Now the ball, on a twist serve, may very well deform a bit differently than it does on other types of serve. However, this is not really the underlying cause of the way bounces. The ball bounces the way it dues because of the way the ball interacts (rolls/skid/etc) with the ground. This interaction is influenced by the speed, the spins and trajectory on the ball prior to the bounce.

Note that (vertical-axis) sidespin does not directly affect the bounce (height or direction) according to physicist, Rod Cross. OTOH, horizontal-axis spins do have an effect on bounce height and direction. The most common of these is topspin and underspin. A ball that bounces off to the left or right, relative to the pre-bounce direction, indicates the presence of spiralspin as toly has indicated. This type of spin accounts for the left/right deviation seen on the bounce of a twist serve.

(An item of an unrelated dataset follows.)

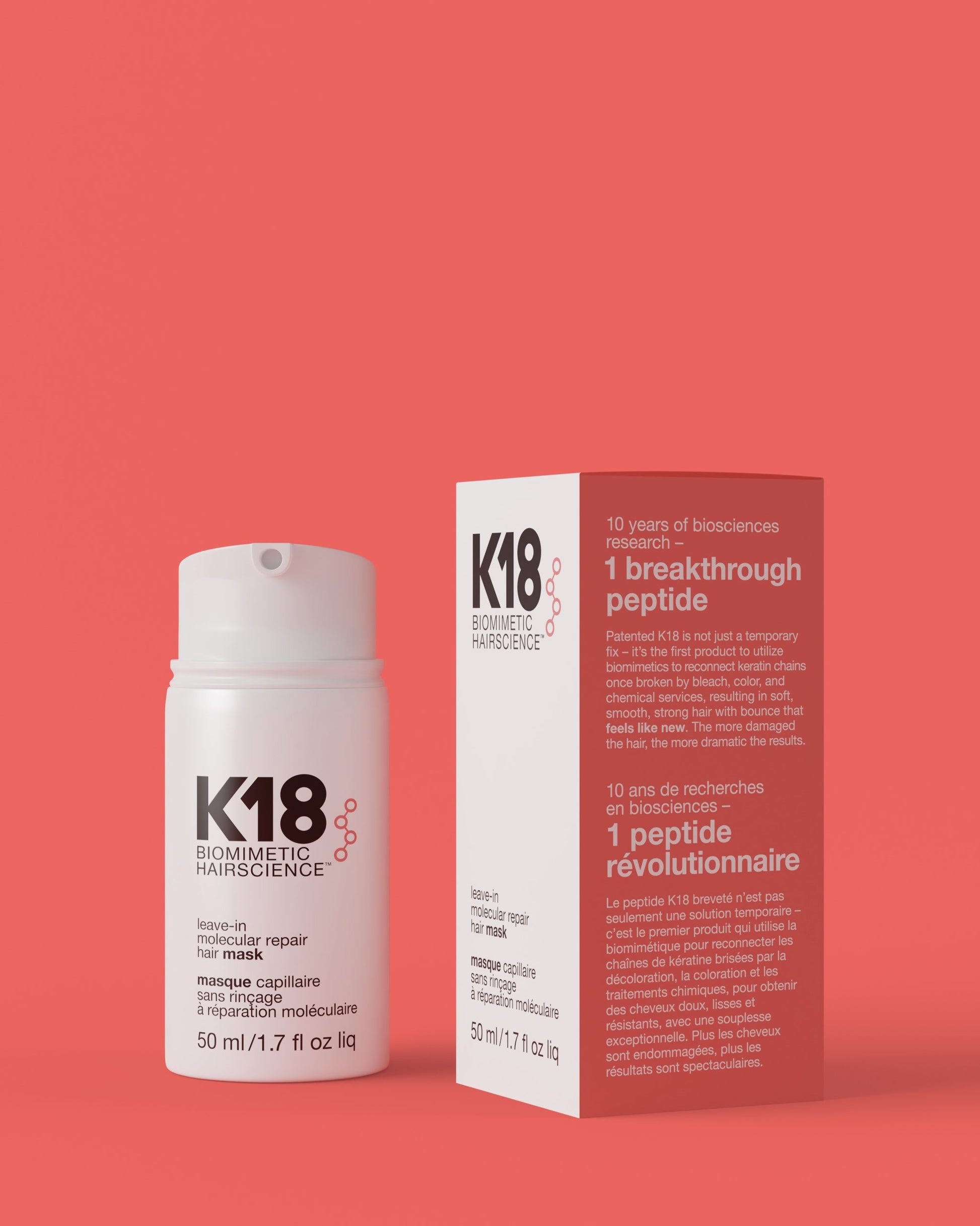 K18PEPTIDE™ es un péptido desarrollado por la biotecnología que imita la estructura del cabello para revertir el daño al volver a conectar las cadenas polipéptidos y los enlaces de disulfuro rotos durante la decoloración, color o los servicios químicos + calor*.

I've been talking about spiral spin for 4-5 years in these forums -- there are quite a few threads that discuss this type of spin. In his book, Technical Tennis, physicist Rod Cross refers to it as spiralspin, However, in his TWU article on kick serves, Rod refers it as gyrospin. It is sometimes aka Z-axis spin or longitudinal spin. Table tennis players refer to this spin type as corkscrew spin (or corkspin).